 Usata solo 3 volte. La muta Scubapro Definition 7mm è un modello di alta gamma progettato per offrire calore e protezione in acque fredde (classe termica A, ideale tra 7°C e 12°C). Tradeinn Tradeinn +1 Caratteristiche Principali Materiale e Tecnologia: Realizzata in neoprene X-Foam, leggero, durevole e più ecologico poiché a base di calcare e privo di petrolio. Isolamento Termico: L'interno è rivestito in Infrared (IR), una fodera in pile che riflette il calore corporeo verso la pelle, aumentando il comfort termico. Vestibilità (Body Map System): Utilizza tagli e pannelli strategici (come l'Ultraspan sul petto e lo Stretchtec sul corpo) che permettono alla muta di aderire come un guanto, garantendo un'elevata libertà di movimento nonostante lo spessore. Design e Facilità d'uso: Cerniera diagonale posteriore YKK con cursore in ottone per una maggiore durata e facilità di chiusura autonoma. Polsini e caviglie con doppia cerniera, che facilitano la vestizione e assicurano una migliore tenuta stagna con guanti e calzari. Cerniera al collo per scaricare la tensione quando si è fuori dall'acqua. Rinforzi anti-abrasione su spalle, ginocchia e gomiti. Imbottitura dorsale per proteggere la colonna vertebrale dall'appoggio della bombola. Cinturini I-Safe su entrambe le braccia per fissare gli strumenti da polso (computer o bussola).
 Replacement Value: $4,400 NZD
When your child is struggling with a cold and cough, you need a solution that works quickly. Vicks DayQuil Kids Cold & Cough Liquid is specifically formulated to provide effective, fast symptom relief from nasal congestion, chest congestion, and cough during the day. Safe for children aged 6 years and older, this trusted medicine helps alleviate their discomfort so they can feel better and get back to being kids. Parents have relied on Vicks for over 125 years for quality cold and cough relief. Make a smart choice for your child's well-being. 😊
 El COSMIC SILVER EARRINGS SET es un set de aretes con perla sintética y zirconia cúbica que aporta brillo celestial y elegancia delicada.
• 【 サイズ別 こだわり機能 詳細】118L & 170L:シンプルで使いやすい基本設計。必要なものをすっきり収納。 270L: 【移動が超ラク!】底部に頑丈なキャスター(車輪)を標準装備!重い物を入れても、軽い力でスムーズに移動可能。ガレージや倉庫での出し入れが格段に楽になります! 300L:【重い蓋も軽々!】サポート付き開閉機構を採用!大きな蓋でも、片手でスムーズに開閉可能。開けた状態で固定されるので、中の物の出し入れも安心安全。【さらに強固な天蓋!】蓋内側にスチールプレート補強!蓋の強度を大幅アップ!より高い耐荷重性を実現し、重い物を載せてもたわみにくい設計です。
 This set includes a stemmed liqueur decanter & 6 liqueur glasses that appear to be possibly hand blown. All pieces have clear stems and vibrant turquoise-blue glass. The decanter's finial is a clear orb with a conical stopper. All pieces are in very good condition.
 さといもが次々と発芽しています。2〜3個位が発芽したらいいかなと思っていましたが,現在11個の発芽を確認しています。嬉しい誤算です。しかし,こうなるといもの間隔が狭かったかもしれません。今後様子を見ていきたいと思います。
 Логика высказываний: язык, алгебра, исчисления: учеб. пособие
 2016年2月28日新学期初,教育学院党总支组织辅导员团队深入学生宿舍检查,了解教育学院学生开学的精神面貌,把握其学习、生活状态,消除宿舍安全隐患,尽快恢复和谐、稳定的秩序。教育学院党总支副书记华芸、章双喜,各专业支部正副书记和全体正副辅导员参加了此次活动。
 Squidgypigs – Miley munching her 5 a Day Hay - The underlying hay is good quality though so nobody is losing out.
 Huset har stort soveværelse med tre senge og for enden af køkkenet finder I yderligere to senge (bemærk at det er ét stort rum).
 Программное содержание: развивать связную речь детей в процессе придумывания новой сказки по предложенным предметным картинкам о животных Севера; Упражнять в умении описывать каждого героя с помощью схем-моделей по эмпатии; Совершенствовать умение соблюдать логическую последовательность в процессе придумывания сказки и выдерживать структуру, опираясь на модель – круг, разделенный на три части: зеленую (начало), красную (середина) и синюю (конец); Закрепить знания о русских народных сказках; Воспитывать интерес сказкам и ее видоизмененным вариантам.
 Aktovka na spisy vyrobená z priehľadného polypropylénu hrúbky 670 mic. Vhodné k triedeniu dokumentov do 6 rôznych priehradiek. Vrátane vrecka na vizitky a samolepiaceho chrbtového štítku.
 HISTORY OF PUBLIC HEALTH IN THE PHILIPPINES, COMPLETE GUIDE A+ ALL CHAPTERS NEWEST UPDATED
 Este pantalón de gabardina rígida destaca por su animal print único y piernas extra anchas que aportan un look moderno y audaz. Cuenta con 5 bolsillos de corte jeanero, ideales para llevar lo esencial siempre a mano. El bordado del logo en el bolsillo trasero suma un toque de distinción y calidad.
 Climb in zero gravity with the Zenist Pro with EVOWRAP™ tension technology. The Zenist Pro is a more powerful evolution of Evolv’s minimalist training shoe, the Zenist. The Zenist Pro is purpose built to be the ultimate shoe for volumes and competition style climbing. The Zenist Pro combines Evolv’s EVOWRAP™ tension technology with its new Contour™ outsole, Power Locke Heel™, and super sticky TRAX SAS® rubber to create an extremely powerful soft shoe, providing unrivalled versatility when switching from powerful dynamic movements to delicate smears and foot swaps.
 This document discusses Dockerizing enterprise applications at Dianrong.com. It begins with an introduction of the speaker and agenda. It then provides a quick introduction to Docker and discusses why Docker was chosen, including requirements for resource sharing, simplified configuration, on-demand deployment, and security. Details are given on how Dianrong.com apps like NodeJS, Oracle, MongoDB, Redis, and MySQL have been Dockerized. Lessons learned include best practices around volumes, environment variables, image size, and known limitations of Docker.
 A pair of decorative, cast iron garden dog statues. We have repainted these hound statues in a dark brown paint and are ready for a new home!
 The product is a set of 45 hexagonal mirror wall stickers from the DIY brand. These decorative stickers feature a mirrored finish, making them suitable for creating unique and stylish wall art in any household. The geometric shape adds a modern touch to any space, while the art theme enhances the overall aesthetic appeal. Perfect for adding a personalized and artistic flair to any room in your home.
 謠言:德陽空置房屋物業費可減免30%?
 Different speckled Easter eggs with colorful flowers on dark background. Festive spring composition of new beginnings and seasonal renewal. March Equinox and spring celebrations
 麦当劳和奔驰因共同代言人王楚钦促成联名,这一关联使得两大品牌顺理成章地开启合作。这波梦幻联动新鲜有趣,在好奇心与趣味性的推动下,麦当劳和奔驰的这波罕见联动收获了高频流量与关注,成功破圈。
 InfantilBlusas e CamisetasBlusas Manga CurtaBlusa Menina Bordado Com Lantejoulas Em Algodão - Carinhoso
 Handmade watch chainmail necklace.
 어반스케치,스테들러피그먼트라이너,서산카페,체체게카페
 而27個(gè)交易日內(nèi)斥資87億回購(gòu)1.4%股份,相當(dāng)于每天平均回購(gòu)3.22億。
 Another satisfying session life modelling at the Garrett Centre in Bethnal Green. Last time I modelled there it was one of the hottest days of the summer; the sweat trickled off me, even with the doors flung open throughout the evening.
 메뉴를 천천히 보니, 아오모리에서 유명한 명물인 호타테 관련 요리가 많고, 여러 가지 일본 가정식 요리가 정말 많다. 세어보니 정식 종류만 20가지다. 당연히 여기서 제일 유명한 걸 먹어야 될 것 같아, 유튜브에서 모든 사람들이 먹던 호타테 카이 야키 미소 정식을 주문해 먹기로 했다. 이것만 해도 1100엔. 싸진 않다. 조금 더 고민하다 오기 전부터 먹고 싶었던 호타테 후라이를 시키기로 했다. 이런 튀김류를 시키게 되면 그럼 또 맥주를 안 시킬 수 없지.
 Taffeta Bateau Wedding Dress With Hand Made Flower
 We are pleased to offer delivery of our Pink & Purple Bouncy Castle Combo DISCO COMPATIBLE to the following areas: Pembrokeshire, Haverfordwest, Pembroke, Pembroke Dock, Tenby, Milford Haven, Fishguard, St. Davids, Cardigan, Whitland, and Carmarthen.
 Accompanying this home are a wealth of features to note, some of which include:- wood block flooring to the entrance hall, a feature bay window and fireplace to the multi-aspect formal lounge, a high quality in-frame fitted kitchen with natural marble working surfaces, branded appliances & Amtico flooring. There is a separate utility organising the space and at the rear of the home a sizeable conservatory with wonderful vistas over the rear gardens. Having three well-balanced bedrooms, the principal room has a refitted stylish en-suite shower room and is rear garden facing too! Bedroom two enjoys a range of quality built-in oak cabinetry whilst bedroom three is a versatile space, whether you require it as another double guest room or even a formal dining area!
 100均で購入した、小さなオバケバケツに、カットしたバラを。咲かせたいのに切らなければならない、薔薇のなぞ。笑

◆ **Work instructions**: From the data above, reproduce word for word the lines running from the line with "謠言:德陽空置房屋物業費可減免30%?" to the line with "We are pleased", ends included.

◆ **Solution for this task**:
 謠言:德陽空置房屋物業費可減免30%?
 Different speckled Easter eggs with colorful flowers on dark background. Festive spring composition of new beginnings and seasonal renewal. March Equinox and spring celebrations
 麦当劳和奔驰因共同代言人王楚钦促成联名,这一关联使得两大品牌顺理成章地开启合作。这波梦幻联动新鲜有趣,在好奇心与趣味性的推动下,麦当劳和奔驰的这波罕见联动收获了高频流量与关注,成功破圈。
 InfantilBlusas e CamisetasBlusas Manga CurtaBlusa Menina Bordado Com Lantejoulas Em Algodão - Carinhoso
 Handmade watch chainmail necklace.
 어반스케치,스테들러피그먼트라이너,서산카페,체체게카페
 而27個(gè)交易日內(nèi)斥資87億回購(gòu)1.4%股份,相當(dāng)于每天平均回購(gòu)3.22億。
 Another satisfying session life modelling at the Garrett Centre in Bethnal Green. Last time I modelled there it was one of the hottest days of the summer; the sweat trickled off me, even with the doors flung open throughout the evening.
 메뉴를 천천히 보니, 아오모리에서 유명한 명물인 호타테 관련 요리가 많고, 여러 가지 일본 가정식 요리가 정말 많다. 세어보니 정식 종류만 20가지다. 당연히 여기서 제일 유명한 걸 먹어야 될 것 같아, 유튜브에서 모든 사람들이 먹던 호타테 카이 야키 미소 정식을 주문해 먹기로 했다. 이것만 해도 1100엔. 싸진 않다. 조금 더 고민하다 오기 전부터 먹고 싶었던 호타테 후라이를 시키기로 했다. 이런 튀김류를 시키게 되면 그럼 또 맥주를 안 시킬 수 없지.
 Taffeta Bateau Wedding Dress With Hand Made Flower
 We are pleased to offer delivery of our Pink & Purple Bouncy Castle Combo DISCO COMPATIBLE to the following areas: Pembrokeshire, Haverfordwest, Pembroke, Pembroke Dock, Tenby, Milford Haven, Fishguard, St. Davids, Cardigan, Whitland, and Carmarthen.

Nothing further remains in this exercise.